Este mismo desconcierto interno de Marechal se traduce
en otro resultado insólito. Creo sensato sospechar que su esquema novelesco
reposaba en la historia de amor de Adán Buenosayres, ordenadora de los episodios
preliminares y concretándose al fin en el cuaderno del libro VI. La concepción
dantesca de ese amor, exigiendo una expresión laberíntica y preciosista, lo
escamotea a nuestra sensibilidad y nos deja una teoría de intuiciones poéticas
en alto grado de enrarecimiento intelectual. Si nada de esto es reprensible en
sí, lo es dentro de una novela cuyos restantes planos son de tan directo
contacto con el tú, con nosotros como argentinos siglo XX. Y entonces,
inevitablemente, la balanza se inclina del lado nuestro, y la náusea de Adán al
oler la curtiembre nos alcanza más a fondo que Aquella en su spenseriano jardín
de Saavedra. Ojalá la obra novelística futura de Marechal reconozca el balance
de este libro; si la novela moderna es cada vez más una forma poética, la
poesía a darse en ella sólo puede ser inmediata y de raíz surrealista; la
elaborada continúa y prefiere el poema, donde debió quedar Aquélla con su
simbología taraceada, porque ése era su reino.

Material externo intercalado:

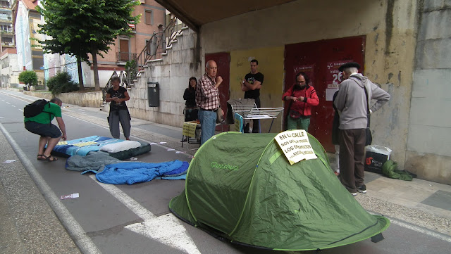 Una decena de activistas sociales de Barakaldo han montado un campamento debajo del puente que se encuentra en las inmediaciones del centro de empleo y orientación laboral de la agencia municipal de desarrollo ![]()

La segunda observación toca al humor. Marechal vuelve
con "Adán Buenosayres" a la línea caudalosa de Mansilla y Payró, al relato
incesantemente sobrevolado por la presencia zumbona de lo literario puro, que
es juego y ajuste e ironía. No hay humor sin inteligencia, y el predominio de
la sentimentalidad sobre aquélla se advierte en los novelistas en proporción
inversa de humor en sus libros; esta feliz herencia de los ensayistas siglo
XVIII, que salta a la novela por vía de Inglaterra, da un tono narrativo que
Marechal ha escogido y aplicado con pleno acierto en los momentos en que hacía
falta. Sobre todo en las descripciones y las réplicas, y cuando no lo enfatiza;
así el episodio de los homoplumas comienza del mejor modo -el retrato en diez
líneas del malevo es un hallazgo-, pero termina alicaído con los discursos del
speaker. El humor en "Adán Buenosayres" se alía con un frecuente afán objetivo,
casi de historiador, y acaba de dar a esta novela su tono documental que, si la
aleja de nosotros en cuanto a adhesión entrañable, nos la ofrece
panorámicamente y con amplia perspectiva intelectual. No sé, por razones de
edad, si "Adán Buenosayres" testimonia con validez sobre la etapa
martinfierrista, y ya se habrá notado que mi intento era más filológico que
histórico. Su resonancia sobre el futuro argentino me interesa mucho más que su
documentación del pasado. Tal como lo veo, "Adán Buenosayres" constituye un
momento importante en nuestras desconcertadas letras. Para Marechal quizá sea
un arribo y una suma; a los más jóvenes toca ver si actúa como fuerza viva,
como enérgico empujón hacia lo de veras nuestro. Estoy entre los que creen esto
último, y se obligan a no desconocerlo.